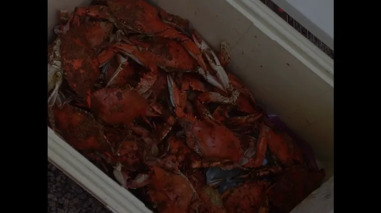 blue crabs in a cooler
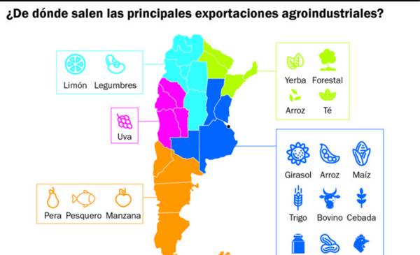 “Los productos agroindustriales salen desde cada rincón del país, es una actividad totalmente federal. Cada rincón de la Argentina tiene miles de trabajadores que se especializan en las producciones de esa región. Así, podemos ver que en la Patagonia lo que más se exporta son los rubros pesqueros, peras y manzanas. En la región pampeana son mayoría soja, maní, girasol, maíz, trigo, cebada, carne de vaca, lácteos y carne aviar. En cuyo prevalece la cadena vitivinícola. En el NEA lo que más se exporta es el complejo forestal, té, yerba y arroz. Por último, en el NOA se especializan en limón, porotos, y garbanzos”, afirmó Miazzo.
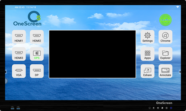 | Pressing this icon will make the On-Board PC Source (OPS) as the active input source. Once selected, tap on the mini screen to switch to the respective source. |
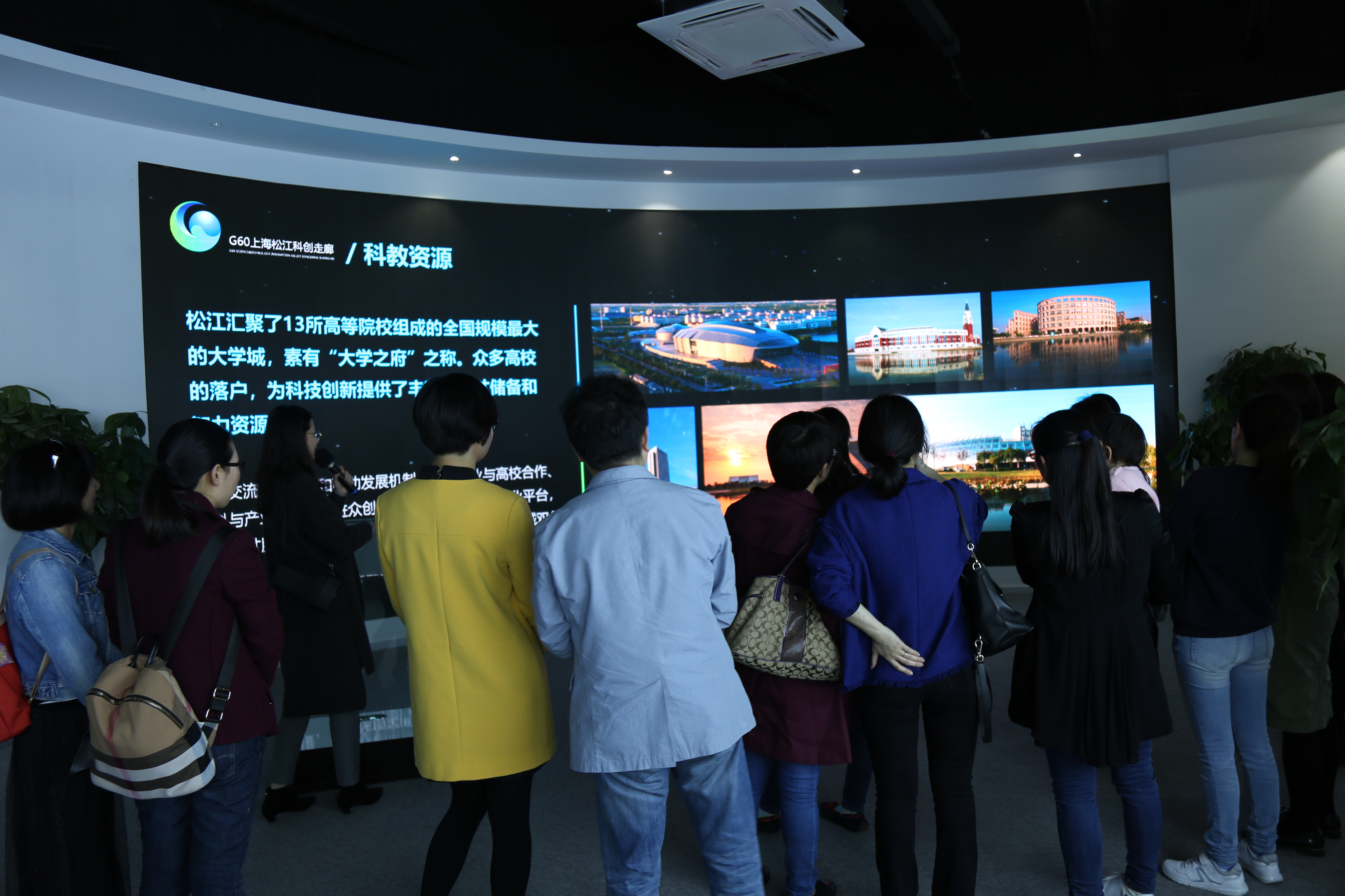“G60上海松江科创走廊”,是以G60高速公路为中轴,构建以松江新城为核心的“一廊九区”空间布局和“科创承载、总部研发、高端制造、服务集成、商业商务及现代物流相辅相成”的功能布局。规划馆运用高科技的元素,展示了技术的魅力和松江日新月异的变化,还原了“松江制造”向“松江创造”转变过程。
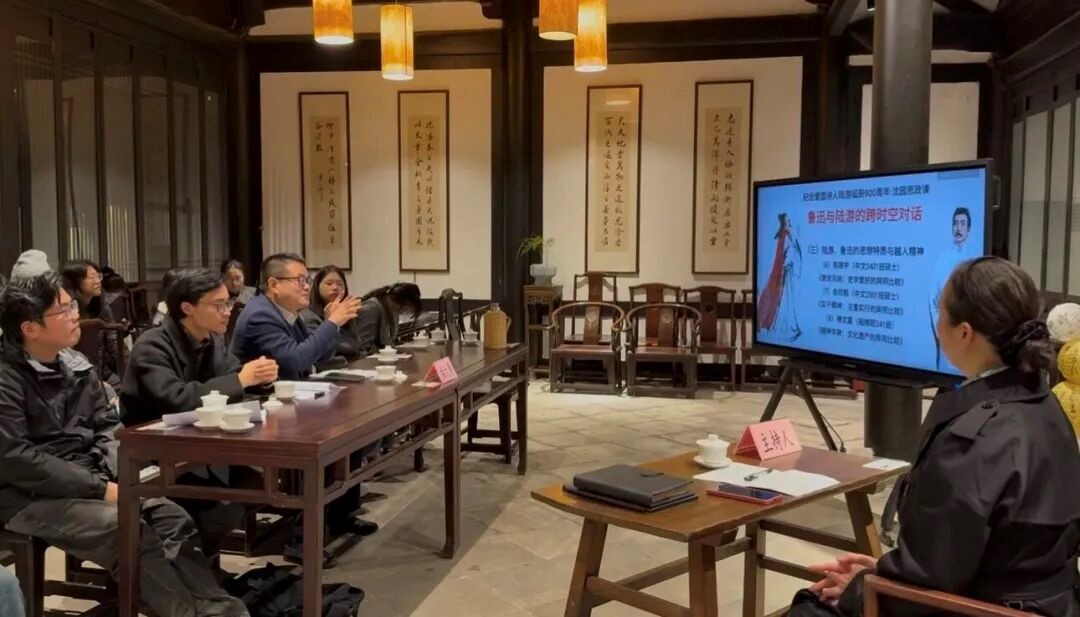 其中,绍兴文理学院鲁迅人文学院、绍兴市鲁迅研究会、绍兴文理学院研究生院和绍兴鲁迅故里·沈园公司共同推出了“纪念爱国诗人陆游诞辰900周年·沈园思政课——鲁迅与陆游的跨时空对话”活动。绍兴文理学院鲁迅人文学院党委书记钱晓萍出席活动,绍兴市鲁迅研究会副会长周玉儿主持了活动,绍兴文理学院鲁迅人文学院古大勇教授作点评。本次活动属于绍兴文理学院鲁迅人文学院卓光平老师所开设的研究生课程《鲁迅与两浙文化研究》的一部分,共有来自该课程的8位同学从生命意识研究、文本细读分析和横向比较研究三个角度,讲述了从爱国诗人陆游到“民族魂”鲁迅的精神传承和创作承续。
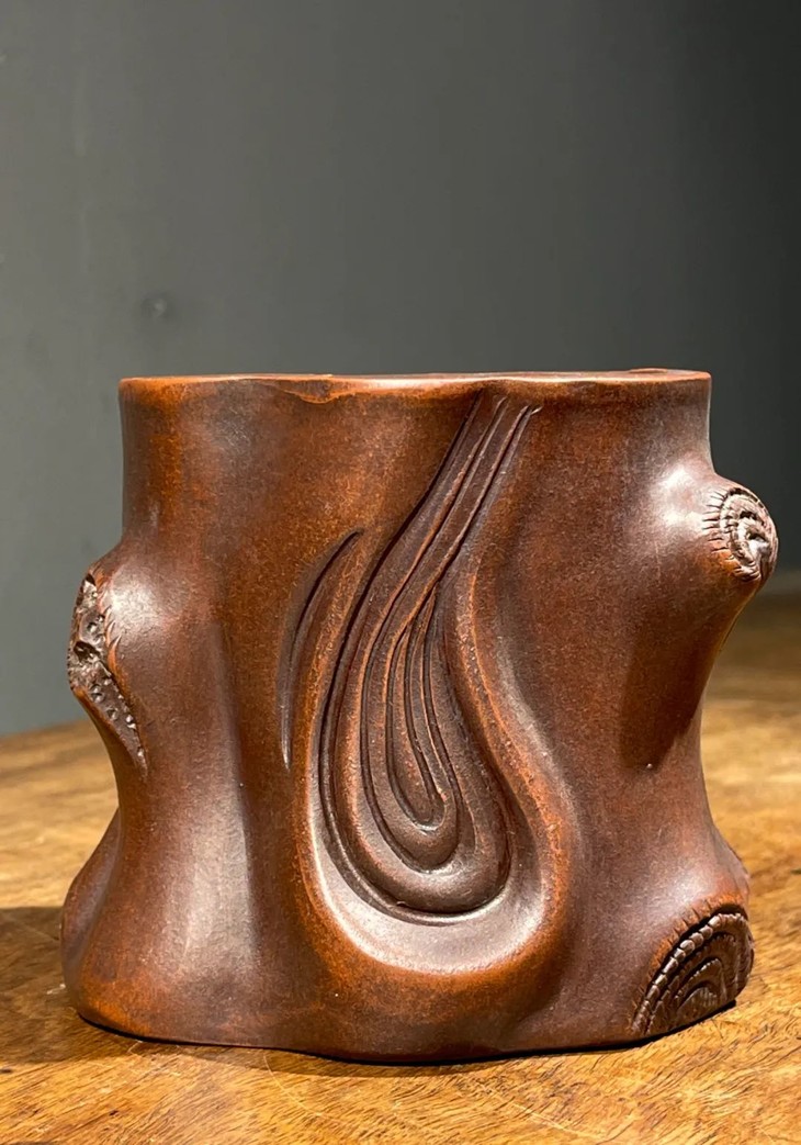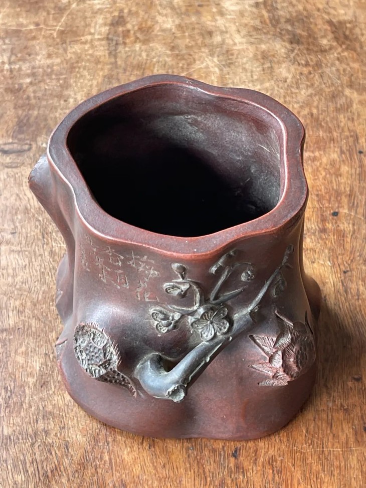 此宜兴紫砂刻梅花树桩形笔筒,案头摆设尺寸适中,敦厚朴实,宜兴紫砂工匠以制作茶壶闻名于世,明代以来偶有见紫砂文房用具精品,此紫砂刻梅花树桩形笔筒是一件民国或是更早的文人雅士喜好的“陳鳴遠”款文房笔筒。
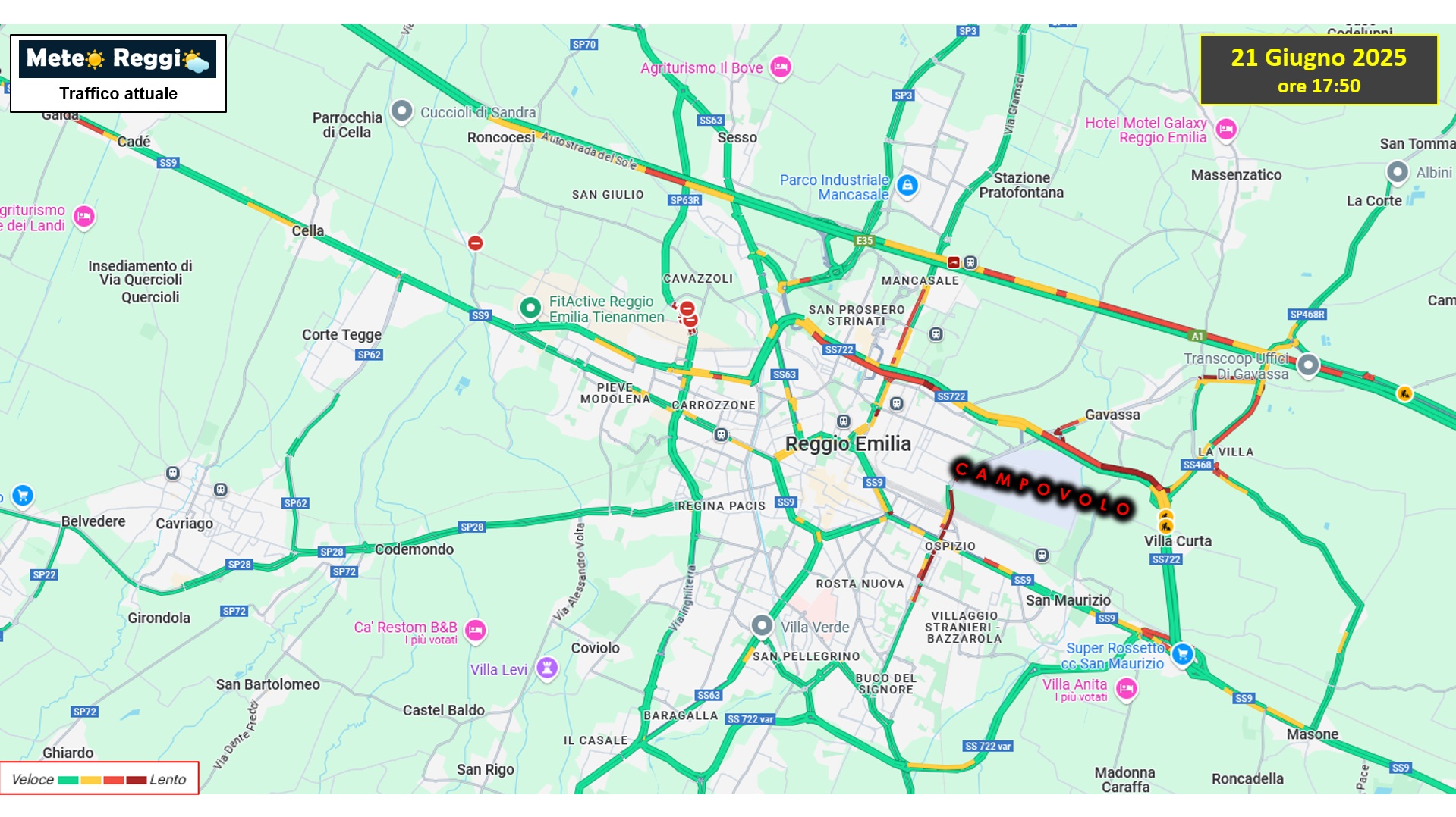 > ???? Criticità diffuse su tutta la viabilità ordinaria a nord della Via Emilia, con rallentamenti consistenti.
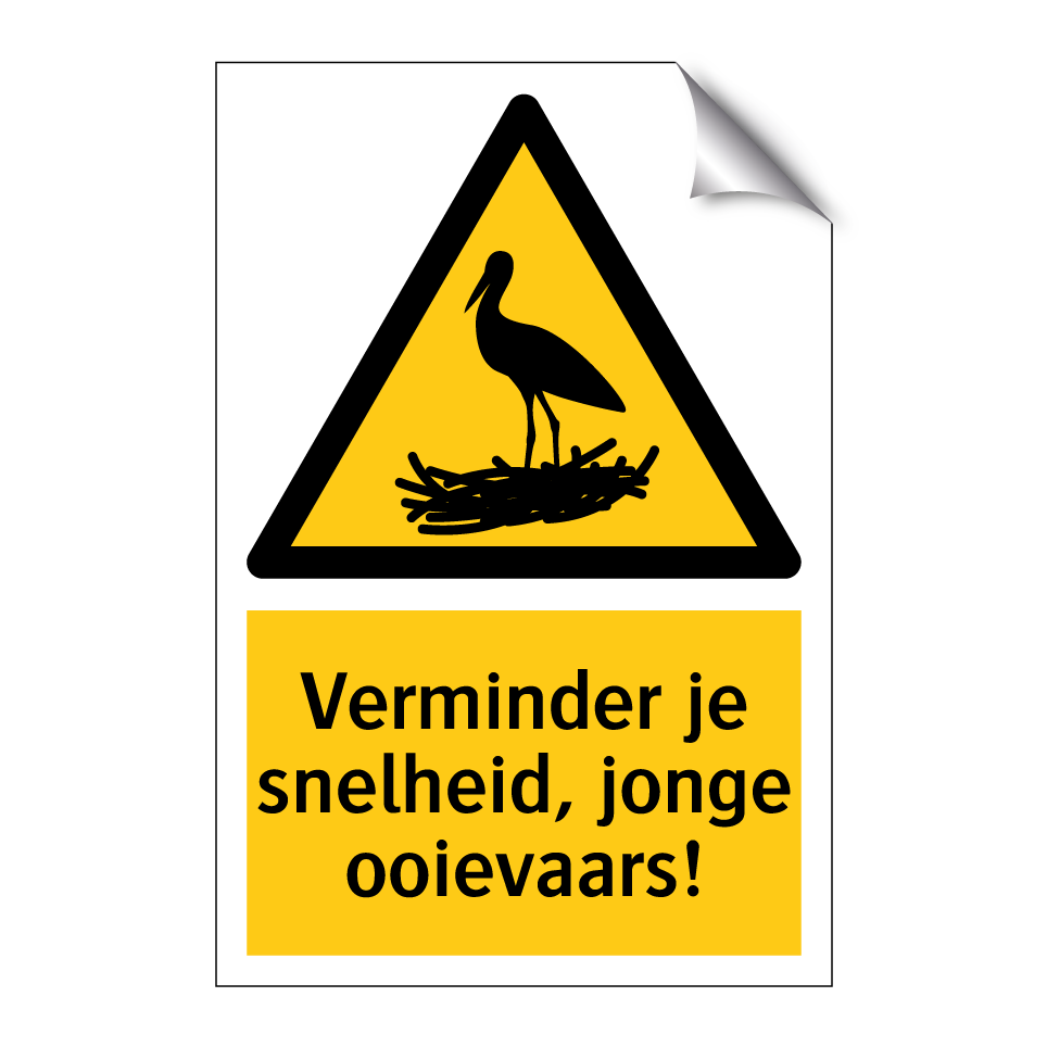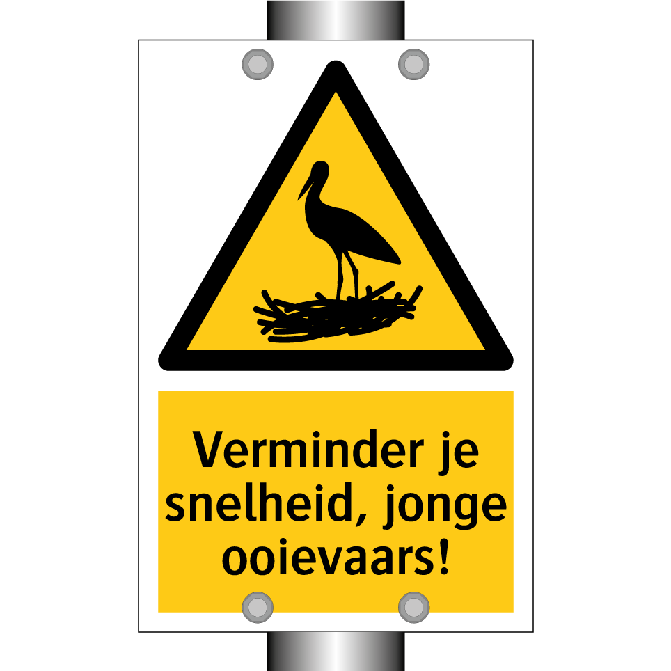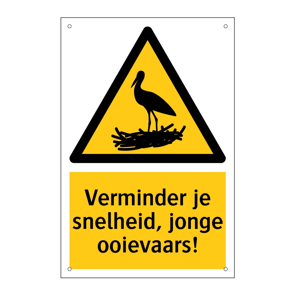 Waarschuwingsbord met de tekst Verminder je snelheid, jonge ooievaars!

== YOUR OBJECTIVE ==
Produce the entries above once more, exactly as given, with each picture left out.

== WRITTEN RESPONSE ==
 blue crabs in a cooler
 “Los productos agroindustriales salen desde cada rincón del país, es una actividad totalmente federal. Cada rincón de la Argentina tiene miles de trabajadores que se especializan en las producciones de esa región. Así, podemos ver que en la Patagonia lo que más se exporta son los rubros pesqueros, peras y manzanas. En la región pampeana son mayoría soja, maní, girasol, maíz, trigo, cebada, carne de vaca, lácteos y carne aviar. En cuyo prevalece la cadena vitivinícola. En el NEA lo que más se exporta es el complejo forestal, té, yerba y arroz. Por último, en el NOA se especializan en limón, porotos, y garbanzos”, afirmó Miazzo.
 | Pressing this icon will make the On-Board PC Source (OPS) as the active input source. Once selected, tap on the mini screen to switch to the respective source. |
“G60上海松江科创走廊”,是以G60高速公路为中轴,构建以松江新城为核心的“一廊九区”空间布局和“科创承载、总部研发、高端制造、服务集成、商业商务及现代物流相辅相成”的功能布局。规划馆运用高科技的元素,展示了技术的魅力和松江日新月异的变化,还原了“松江制造”向“松江创造”转变过程。
 其中,绍兴文理学院鲁迅人文学院、绍兴市鲁迅研究会、绍兴文理学院研究生院和绍兴鲁迅故里·沈园公司共同推出了“纪念爱国诗人陆游诞辰900周年·沈园思政课——鲁迅与陆游的跨时空对话”活动。绍兴文理学院鲁迅人文学院党委书记钱晓萍出席活动,绍兴市鲁迅研究会副会长周玉儿主持了活动,绍兴文理学院鲁迅人文学院古大勇教授作点评。本次活动属于绍兴文理学院鲁迅人文学院卓光平老师所开设的研究生课程《鲁迅与两浙文化研究》的一部分,共有来自该课程的8位同学从生命意识研究、文本细读分析和横向比较研究三个角度,讲述了从爱国诗人陆游到“民族魂”鲁迅的精神传承和创作承续。
 此宜兴紫砂刻梅花树桩形笔筒,案头摆设尺寸适中,敦厚朴实,宜兴紫砂工匠以制作茶壶闻名于世,明代以来偶有见紫砂文房用具精品,此紫砂刻梅花树桩形笔筒是一件民国或是更早的文人雅士喜好的“陳鳴遠”款文房笔筒。
 > ???? Criticità diffuse su tutta la viabilità ordinaria a nord della Via Emilia, con rallentamenti consistenti.
 Waarschuwingsbord met de tekst Verminder je snelheid, jonge ooievaars!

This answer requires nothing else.